(Activity):
From the material below, return exactly the lines starting at the one that holds "Smaczne słodkie lody" and ending at the one that holds "3D -modell. |". Pictures stay out of the answer.

(Material for this task):
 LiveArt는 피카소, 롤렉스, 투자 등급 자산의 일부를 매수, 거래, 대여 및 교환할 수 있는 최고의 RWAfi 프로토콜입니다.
--
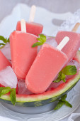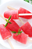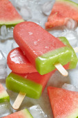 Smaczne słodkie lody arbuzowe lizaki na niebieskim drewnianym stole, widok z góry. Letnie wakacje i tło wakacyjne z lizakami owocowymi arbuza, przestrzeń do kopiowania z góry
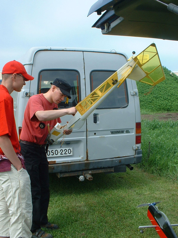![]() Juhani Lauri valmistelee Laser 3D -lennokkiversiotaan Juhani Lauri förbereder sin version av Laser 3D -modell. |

(Output of the task):
 Smaczne słodkie lody arbuzowe lizaki na niebieskim drewnianym stole, widok z góry. Letnie wakacje i tło wakacyjne z lizakami owocowymi arbuza, przestrzeń do kopiowania z góry
![]() Juhani Lauri valmistelee Laser 3D -lennokkiversiotaan Juhani Lauri förbereder sin version av Laser 3D -modell. |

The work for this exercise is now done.